The records below are to be transcribed exactly from their first line to the line that has "Aus bis zu 12", inclusive, with every picture omitted.

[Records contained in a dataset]
Content starts
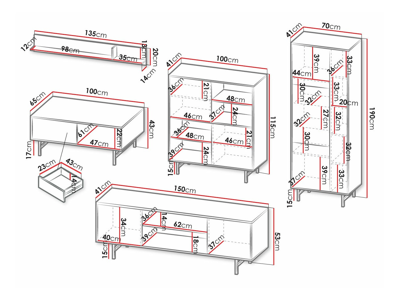 190 x 70 x 41; 140 x 90 x 41 cm
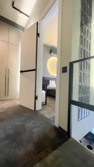 Установлена система умный дом. Можно управлять с помощью голосовых команд светом , техникой, а также дистанционно со смартфона следить за температурой и влажностью в доме, запускать влажную уборку с помощью робота-пылесоса. Шторы блэкаут на электроприводах. Окна деревянные в пол, с датчиками открывания. Дверь с умным замком и видеоглазком. Открывать можно с помощью отпечатка пальца и кода.
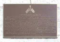 - ↑ Traduction : « OPERATION TORCH. À la mémoire des marins, soldats et pilotes britanniques et américains qui ont risqué leur vie pour la libération de l'Afrique du Nord durant la Seconde Guerre mondiale. Depuis leur quartier général de la Forteresse de Gibraltar, le lieutenant-général Dwight David Eisenhower, US Army et l'amiral Andrew Browne Cunningham, Royal Navy, ont dirigé l'opération TORCH, la première opération majeure combinée de combat de la Seconde Guerre mondiale impliquant des forces américaines et britanniques. Le , des éléments de la force expéditionnaire des Alliés débarquèrent simultanément le long des côtes du Maroc et de l'Algérie. Les leçons enseignées et les relations forgées entre les forces britanniques et américaines et leurs chefs durant cette campagne mèneraient finalement à la libération de l'Europe ».
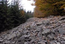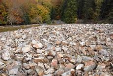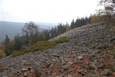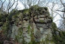 Aus bis zu 12 m hohen Quarzsteinen bestehende Steinwand bei Usingen.
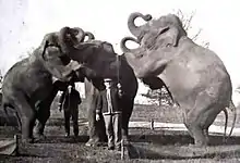 The Colonel: The Colonel, as he was known to friends (Colonel being an honorary title bestowed on auctioneers), filled his farm with dozens of animals of all kinds bought up at discount prices from failing or defunct circuses all over the US. It was said a child in Schuyler County didn't have to run away to join the circus, because the circus had run away to them.[12] Camels, lions, bears, and especially elephants were housed in giant barns and paddocks, while surplus circus wagons and other equipment dotted the landscape awaiting resale. Between 1905 and 1915 Colonel Hall was one of the largest importers of elephants from India and at times as many as thirty could be found on the Lancaster property.[13] With the outbreak of World War I in 1914, his old business associates the British army again came calling.[14] A substantial percentage, perhaps as high as seventy, of the British and Canadian armies' horses and mules came from Colonel Hall's animal brokering.[15] On the home front, Hall figured out that sometimes selling animals and equipment wasn't always the best option. He established a leasing and rental business that proved highly profitable. Often when a startup circus would go bankrupt, Hall would get not only his leased items and animals back, but the rest of the failed business's assets as payment, which he in turn could lease out again for still more profit. Big or small, a huge number of American circuses, including major names like Ringling Brothers and Cole, had dealings with Hall.
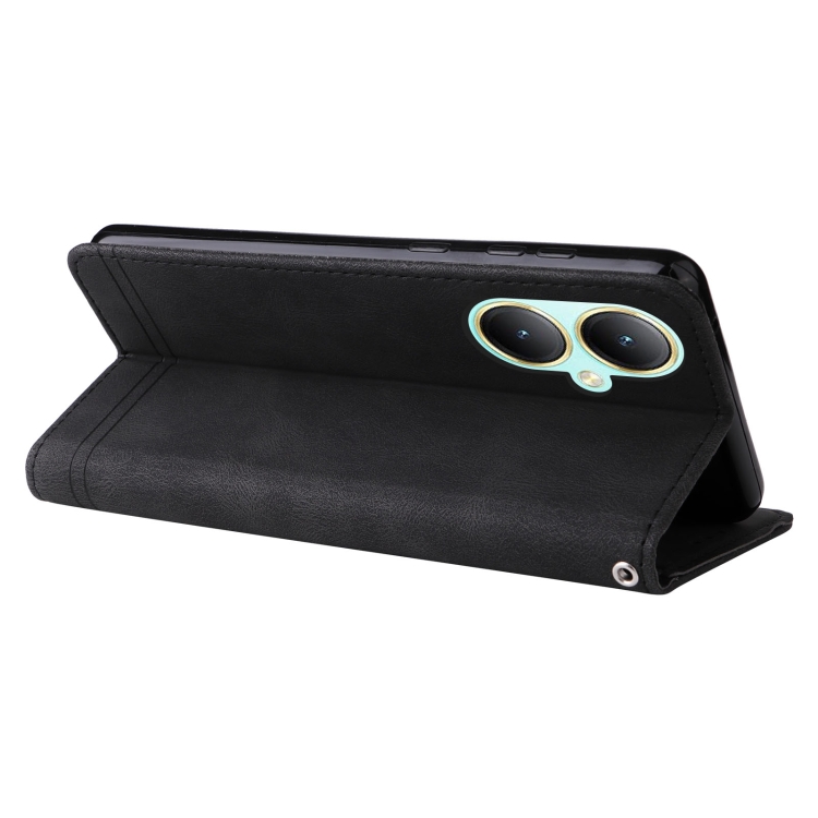 Para Vivo Y35 + Skin Feel Life Tree Metal Button Funda de Cuero para Teléfono (Negro)
Content ends
» Answer space
 190 x 70 x 41; 140 x 90 x 41 cm
 Установлена система умный дом. Можно управлять с помощью голосовых команд светом , техникой, а также дистанционно со смартфона следить за температурой и влажностью в доме, запускать влажную уборку с помощью робота-пылесоса. Шторы блэкаут на электроприводах. Окна деревянные в пол, с датчиками открывания. Дверь с умным замком и видеоглазком. Открывать можно с помощью отпечатка пальца и кода.
 - ↑ Traduction : « OPERATION TORCH. À la mémoire des marins, soldats et pilotes britanniques et américains qui ont risqué leur vie pour la libération de l'Afrique du Nord durant la Seconde Guerre mondiale. Depuis leur quartier général de la Forteresse de Gibraltar, le lieutenant-général Dwight David Eisenhower, US Army et l'amiral Andrew Browne Cunningham, Royal Navy, ont dirigé l'opération TORCH, la première opération majeure combinée de combat de la Seconde Guerre mondiale impliquant des forces américaines et britanniques. Le , des éléments de la force expéditionnaire des Alliés débarquèrent simultanément le long des côtes du Maroc et de l'Algérie. Les leçons enseignées et les relations forgées entre les forces britanniques et américaines et leurs chefs durant cette campagne mèneraient finalement à la libération de l'Europe ».
 Aus bis zu 12 m hohen Quarzsteinen bestehende Steinwand bei Usingen.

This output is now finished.